Solar desalination could provide $4 drinking water
What can you buy for four dollars these days? The answer could soon be clean drinking water.
A team of researchers in China and the US have developed a domestic-scale solar desalination device sufficient to provide a family’s daily drinking water needs. Once in production, it could cost just US$4.00.
An estimated two-thirds of humanity is affected by shortages of water, and sometimes water that is available is brackish or saline. People cannot drink salty water as their direct source of supply, but it can be made into freshwater in a process called desalination.
Desalination is being used more and more around the world to provide people with necessary freshwater, but many water-scarce regions also face a lack of dependable and affordable electricity. Widespread research efforts have focused on ways to desalinate seawater or brackish water using just solar power.
Here the challenge has been the fouling of equipment caused by a build-up of salt in equipment, which can add complexity and expense.
“The challenge has been the salt-fouling issue, that people haven’t really addressed."
The team of researchers from Massachusetts Institute of Technology (MIT) and Shanghai Jiao Tong University have come up with a solution to the problem of salt accumulation — and in the process developed a desalination system that is both more efficient and less expensive than previous solar desalination methods. The process could also be used to treat contaminated wastewater or to generate steam for sterilising medical instruments at remote clinics, all without any power source other than the sun.

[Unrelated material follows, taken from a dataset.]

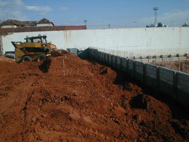 | - Foto em 25/05/2010 - Reaterro das cortinas, para atingir a cota do Térreo, no trecho das Torres. | |

So far, the team has proven the concept using small bench-top prototypes, so the next step will be to scale-up to devices that could have practical applications.
“There have been a lot of demonstrations of really high-performing, salt-rejecting, solar-based evaporation designs of various devices,” said Evelyn Wang, professor of mechanical engineering at MIT. “The challenge has been the salt-fouling issue, that people haven’t really addressed."

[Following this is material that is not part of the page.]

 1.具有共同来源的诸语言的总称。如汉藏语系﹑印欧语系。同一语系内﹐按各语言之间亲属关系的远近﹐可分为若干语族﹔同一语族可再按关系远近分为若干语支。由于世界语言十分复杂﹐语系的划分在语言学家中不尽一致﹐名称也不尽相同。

Many attempts at solar desalination systems rely on some kind of wick to draw the saline water through the device, but these wicks are vulnerable to salt accumulation and relatively difficult to clean. The team focused on developing a wick-free system instead."
The result is a layered system, with dark material at the top to absorb the heat of the sun, then a thin layer of water above a perforated layer of material, sitting atop a deep reservoir of the salty water such as a tank or a pond. Based on their calculations, a system with a one metre square collecting area is sufficient for a family’s daily drinking water needs. They calculated that the necessary polyurethane materials for a one-square-meter device would only cost about US$4.
First uses are likely to be providing safe water in remote off-grid locations, or for disaster relief after hurricanes, earthquakes, or other disruptions of normal water supplies.
The findings are described in Nature Communications journal, in a paper by Wang, along with MIT graduate student Lenan Zhang and post-doctoral researcher Xiangyu Li. The team also included Yang Zhong, Arny Leroy and Lin Zhao at MIT, and Zhenyuan Xu at Shanghai Jiao Tong University in China. The work was supported by the Singapore-MIT Alliance for Research & Technology, the US-Egypt Science & Technology Joint Fund, and used facilities supported by the National Science Foundation.